Kemudian perlu juga diperhatikan bawa gugus ester dari metil ester dapat berikatan ionik dengan mineral pada adsorben sehingga meyebabkan metil ester akan teradsorpsi sementara.
Pada penelitian ini juga diduga bahwa adsorpsi yang terjadi adalah molekul yang teradsorpsi yaitu karotenoid dan metil ester tak jenuh berkompetisi memperebutkan sisi aktif dari adsorben, dan juga pelarut dan adsorben berkompetisi merebutkan adsorbat yang teradsorpsi. Banyaknya permukaan aktif adsorben yang berinteraksi dengan sampel dan tersedianya permukaan interaksi yang lebih luas menyebabkan jumlah sampel yang sedikit
menghasilkan konsentrat karotenoid dengan konsentrasi yang tinggi (Arisurya, 2009)

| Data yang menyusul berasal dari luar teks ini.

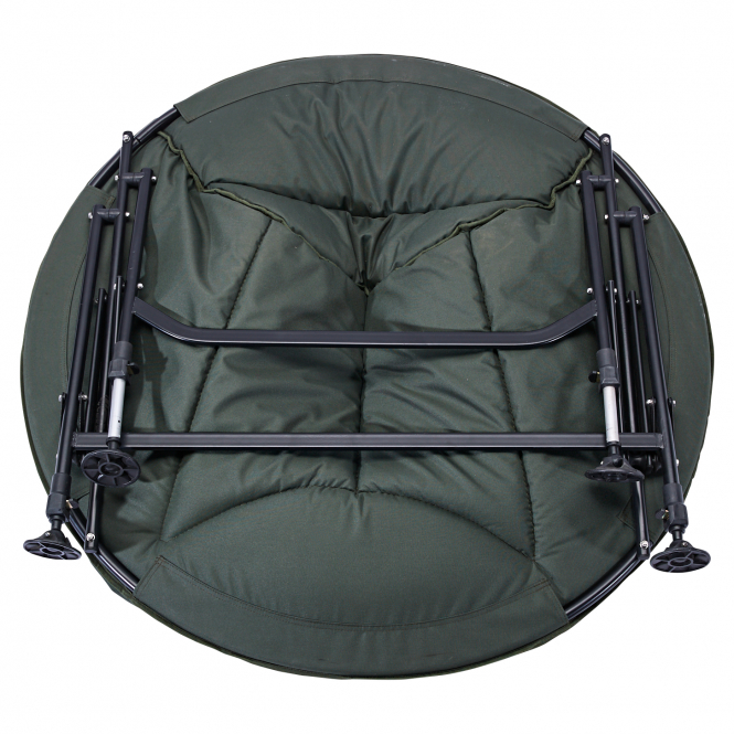 Der stabile Stahlrahmen lässt sich in wenigen Handgriffen auf und zusammenklappen, was Transport und Lagerung deutlich vereinfacht. Rutschfeste Schlammfüße geben sicheren Stand auf weichen Ufern, Stegen oder unebenem Gelände.

Recovery yang tinggi terjadi karena karotenoid tidak terjerap optimal
akibat ketidakmampuan adsorben mengadsorpsi komponen karotenoid dan non karotenoid. Hal ini diduga terjadi karena permukaan aktif adsorben yang berinteraksi dengan bahan yang diadsorpsi semakin sedikit (Gortner, 1953)
Interaksi yang terjadi pada proses sorpsi menurut Robands et al (1994) biasanya berupa ikatan antar molekul yang lemah, misalnya ikatan van der walls dan ikatan hidrogen dan pada beberapa kasus terjadi ikatan ionik.